Uri must start with /

Good ole' internet.  Thanks for the variable, I can see that being handy, though
I can't add anything in right now.

Let me know if there's anything more.
Comment 4 Rainer Jung 2008-02-19 14:38:02 UTC
Thanks for the check, so we know for sure, that the busy count doesn't
correspond to the backend status.

Although there is still a theoretical possibility, that mod_jk *thinks* the
backend is that busy, I checked, if we miss some error conditions when
decreasing the busy count. There is not condition in the code, how the busy
increment could not be followed by a decrement. The counter is hold inside a
shared memory segment and it is marked as volatile. In case you hae a *very*
busy web site, it's possible, that we run into a non-atomic increment/decrement
problem. Although that's possible, I'm still thinking about other possibilities.

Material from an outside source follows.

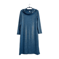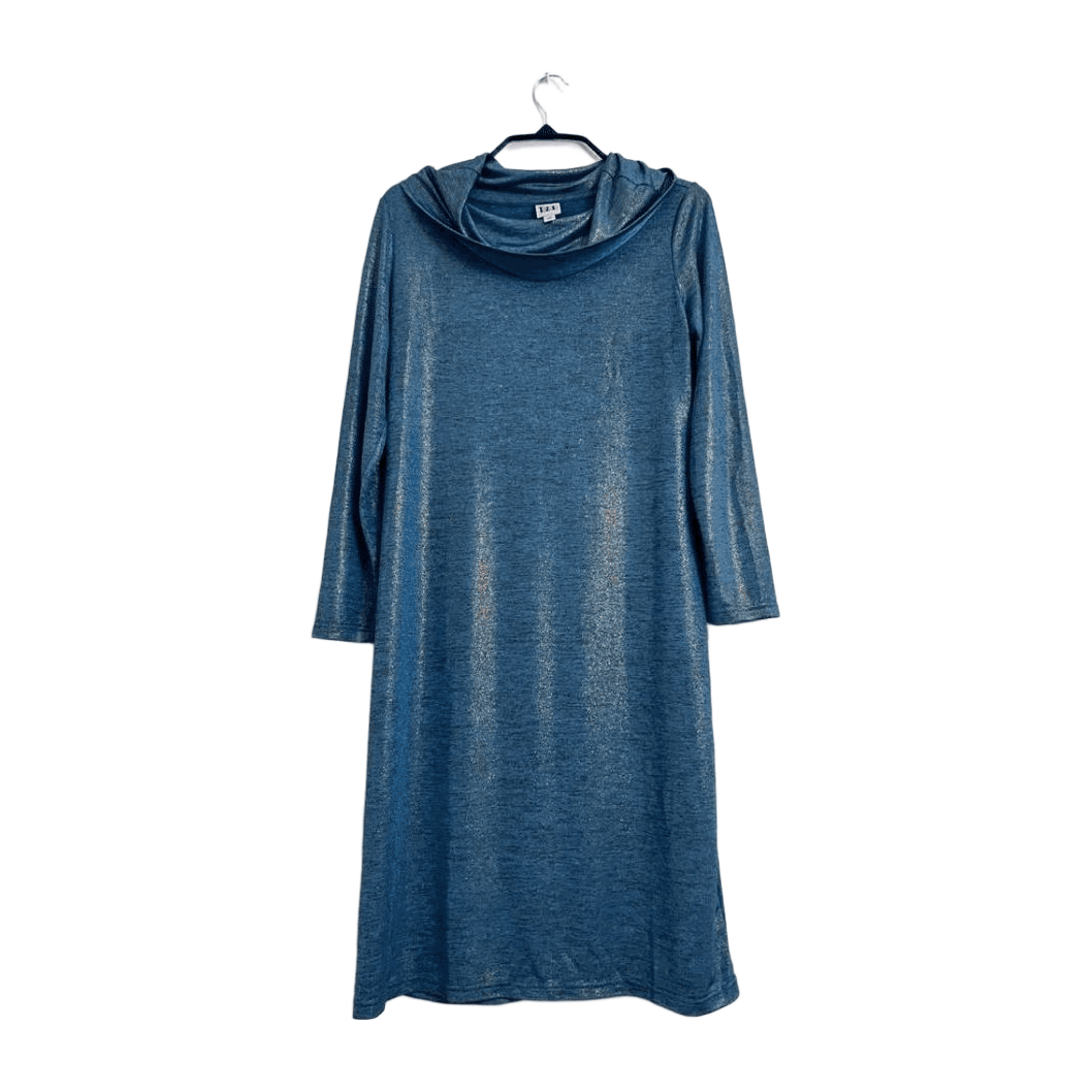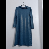 Tazzia-merkkinen pitkä mekko koko 40. Kangas kevyttä, hieman läpinäkyvää ja hyvin laskeutuvaa, väri kullanhohtoinen turkoosi. Pääntiellä pyöreä, korkea ja kauniisti laskeutuva kaulus. Suora malli. Mitat: kainalo-kainalo 52 cm, pituus olka-helma 105 cm. Kunto kuin uusi!

The status worker shows a busy counter for the lb and for each member of an lb.
Do both types of busy counters suffer from the problem?

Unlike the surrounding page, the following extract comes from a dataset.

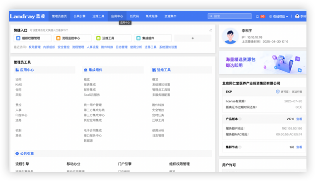 系統(tǒng)專屬管理員工作臺,支持快捷入口、智能提醒、鏈接產品社區(qū)(在線幫助)等功能,簡潔清晰,方便管理工作,讓系統(tǒng)運維更給力

To get an idea: how fast does the problem happen (how much busy increase per day
or so, and also how many requests approximately are handled by the corresponding
worker during that time)?

You mentioned, that this influences negatively the balancing behaviour. I deduct
from that, that you are using the Busyness method. Do you have a reason not to
use the Requests method? It would not suffer from the "wrong busy" problem.

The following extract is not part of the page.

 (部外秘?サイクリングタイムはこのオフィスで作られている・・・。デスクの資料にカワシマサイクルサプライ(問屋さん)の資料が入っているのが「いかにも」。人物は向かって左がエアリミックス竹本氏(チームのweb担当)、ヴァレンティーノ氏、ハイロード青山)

Finally: although we know no change in the code that would suggest that the
problem will go sway in 1.2.26, is it possible to switch to that version? Be
careful: in 1.2.26 your JkMounts are not automatically inhertited between httpd
VirtualHosts. You either need to include them in each VirtualHost or use
JkMountCopy (see docs). Apart from that, the version update should be reliable.

I'm still wondering, if mod_jk threads might hang between start of request and
end of response. You could use gstack, to do thread dumps on the httpd side.
Since the busy number is summed up over all httpd child processes and we don't
know if the problem is located in only one of those or visible in all of them,
you would need to do gstack on all httpd child processes.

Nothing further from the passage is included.